All of the data should be repeated exactly; pictures are not part of the copy.

_Dataset section_:
____

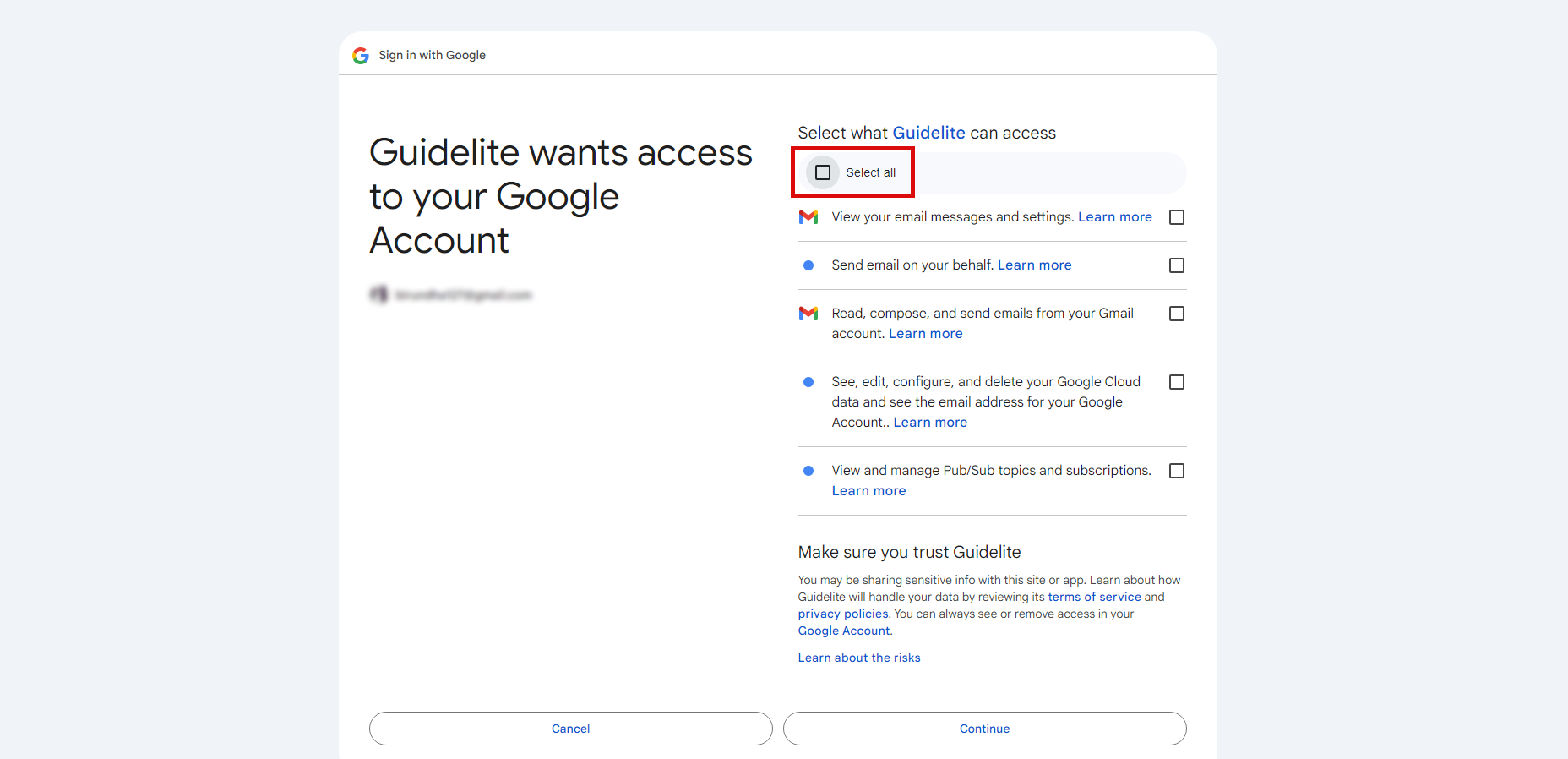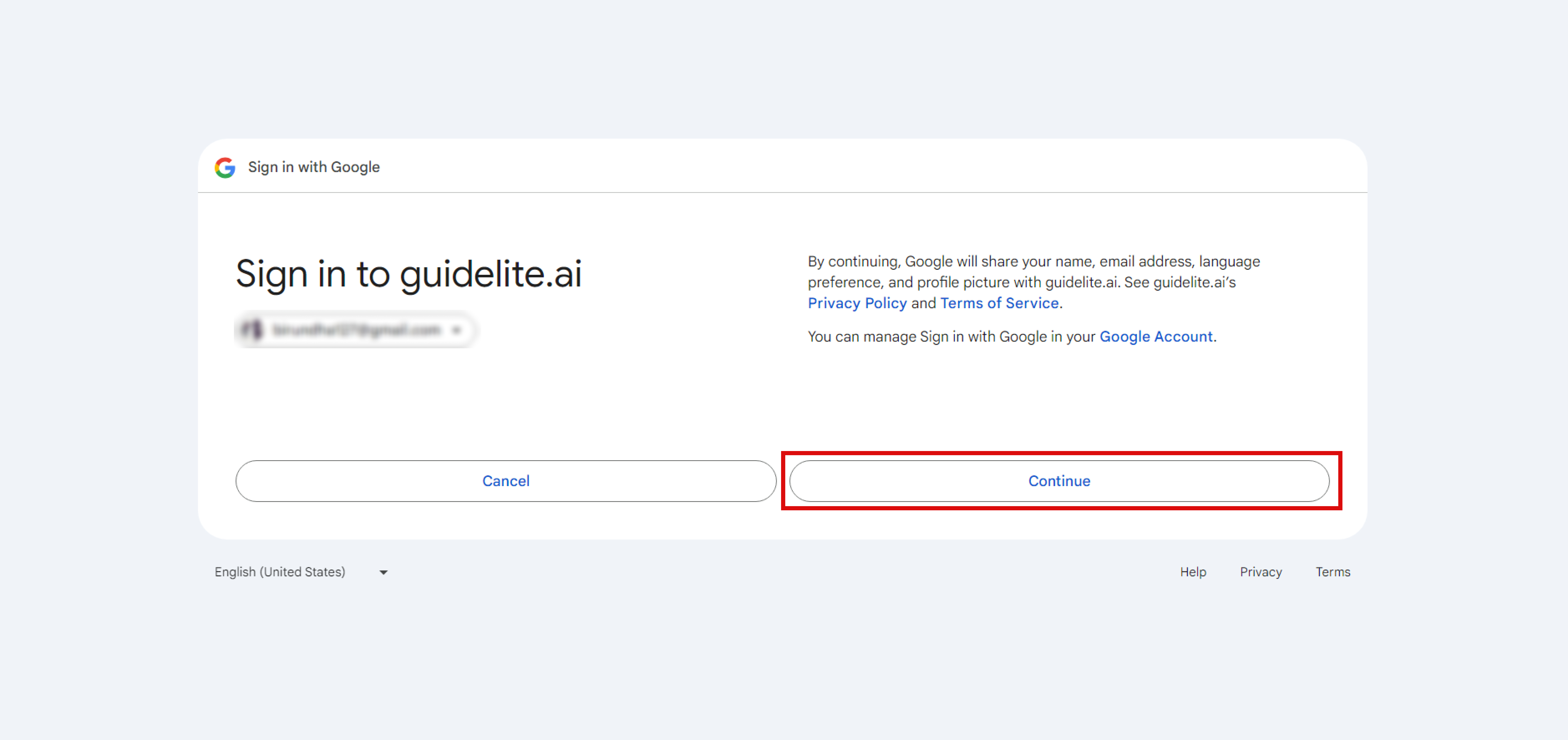 - Enter your Gmail username and password, then follow the on-screen instructions to grant GuideLite the necessary permissions.
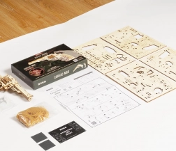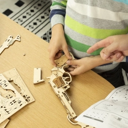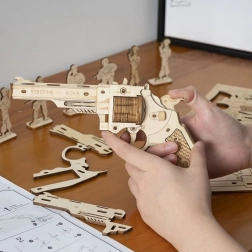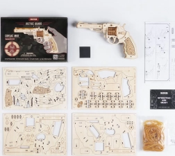 Revolverul Corsac de la Robotime este un puzzle mecanic unic din lemn care va captiva toți fanii proiectelor DIY. Pachetul conține toate piesele necesare pentru asamblarea revolverului, inclusiv 102 piese tăiate cu precizie. Este o modalitate excelentă de a dezvolta creativitatea și abilitatea motorie fină. Asamblarea setului este, de asemenea, foarte simplă, ceea ce îl face ideal chiar și pentru începători.
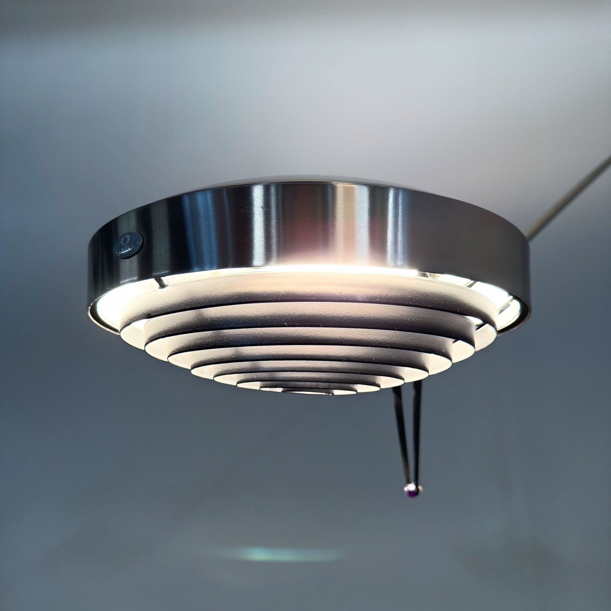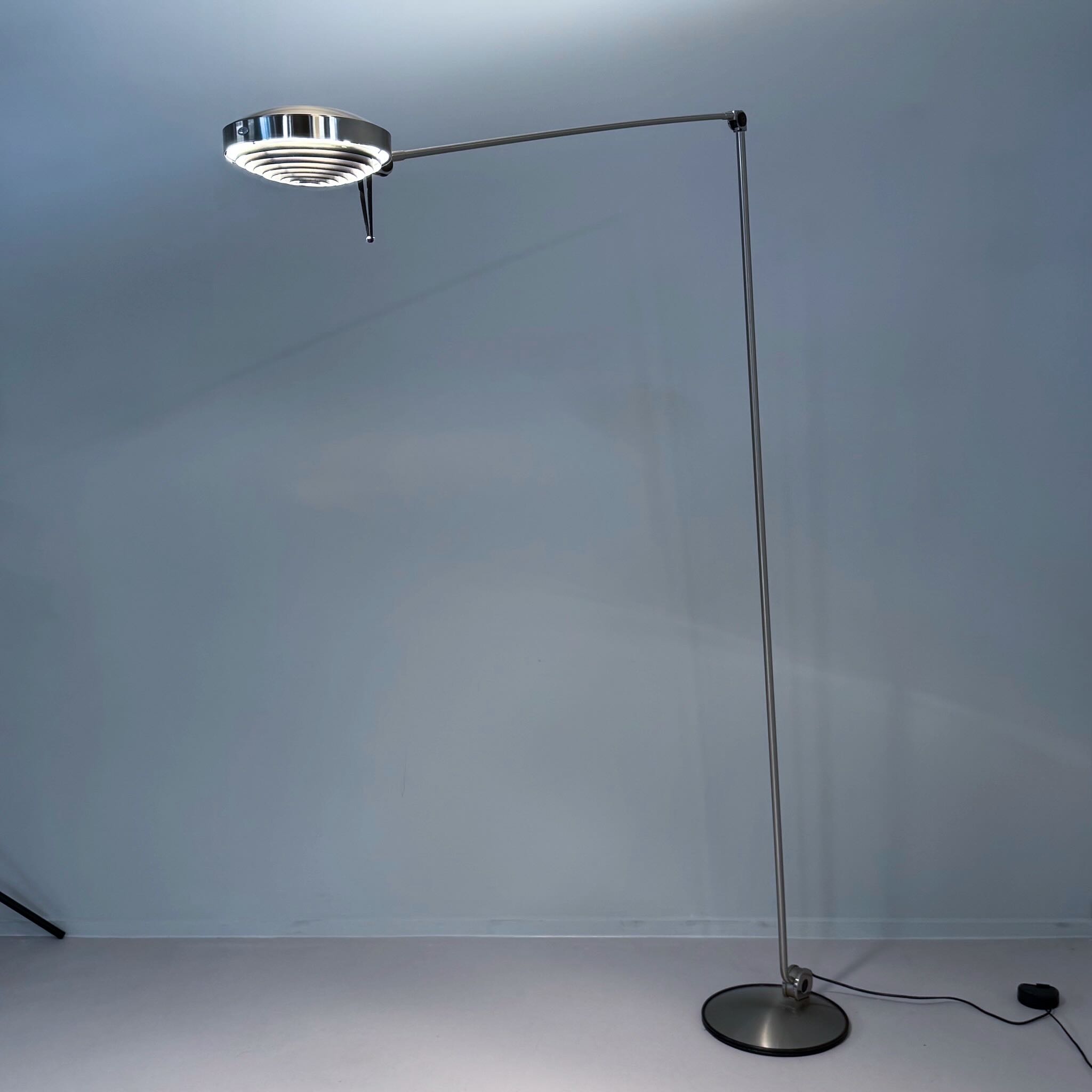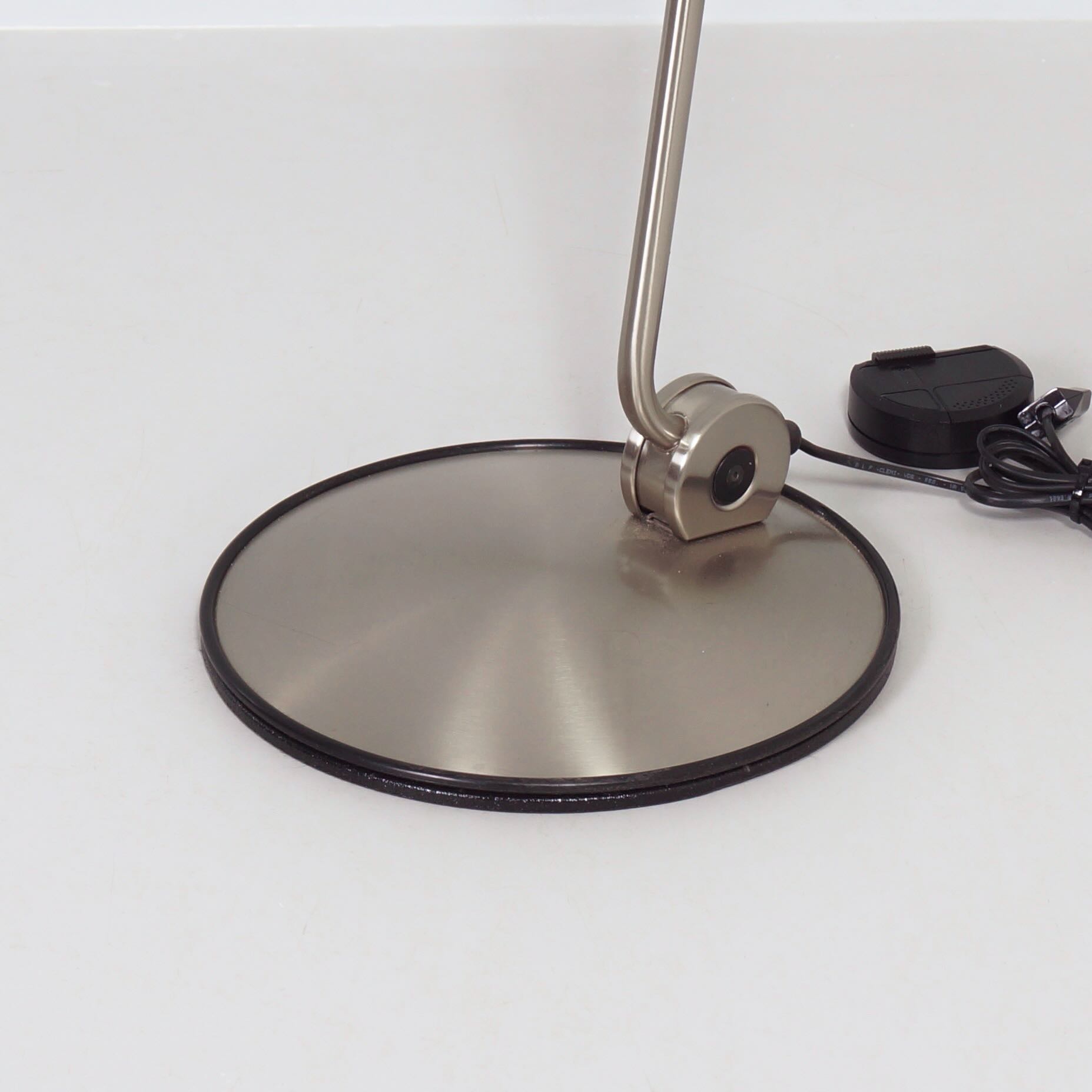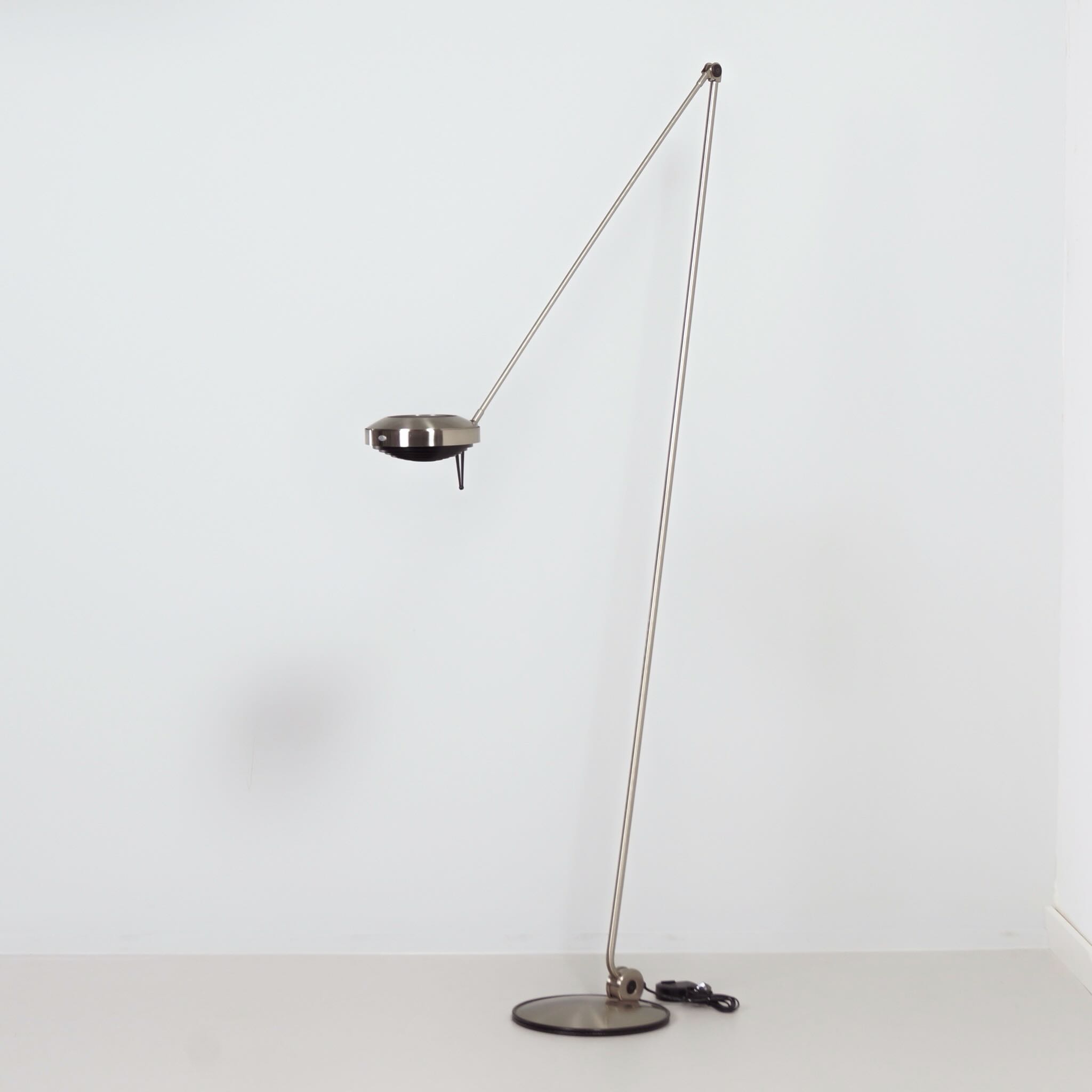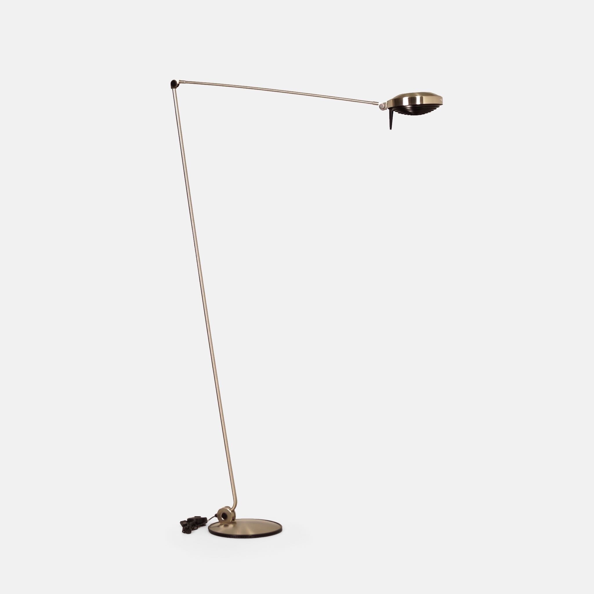 The design dates from 1984 by Tommaso Cimini and was produced by Lumina in the 1990s. The Elle 2 has a double articulated arm, an anti-glare grid and an cord dimmer. Made of metal with a nickel finish, dimensions 104 x 34 x 200 (H) cm, shade diameter 23 cm, base diameter 34 cm. Marked: Lumina.
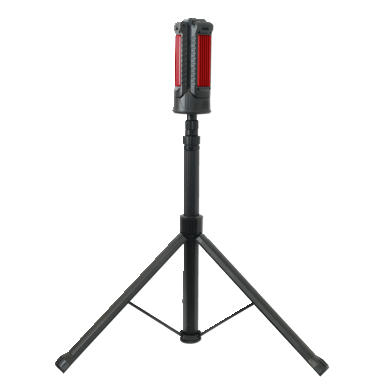 Flexible Aufstellung: Höhenverstellbares Aluminiumstativ (85–175 cm), integrierter Aufhängehaken und starke Magnethalterungen.

____

_Answer_:
 - Enter your Gmail username and password, then follow the on-screen instructions to grant GuideLite the necessary permissions.
 Revolverul Corsac de la Robotime este un puzzle mecanic unic din lemn care va captiva toți fanii proiectelor DIY. Pachetul conține toate piesele necesare pentru asamblarea revolverului, inclusiv 102 piese tăiate cu precizie. Este o modalitate excelentă de a dezvolta creativitatea și abilitatea motorie fină. Asamblarea setului este, de asemenea, foarte simplă, ceea ce îl face ideal chiar și pentru începători.
 The design dates from 1984 by Tommaso Cimini and was produced by Lumina in the 1990s. The Elle 2 has a double articulated arm, an anti-glare grid and an cord dimmer. Made of metal with a nickel finish, dimensions 104 x 34 x 200 (H) cm, shade diameter 23 cm, base diameter 34 cm. Marked: Lumina.
 Flexible Aufstellung: Höhenverstellbares Aluminiumstativ (85–175 cm), integrierter Aufhängehaken und starke Magnethalterungen.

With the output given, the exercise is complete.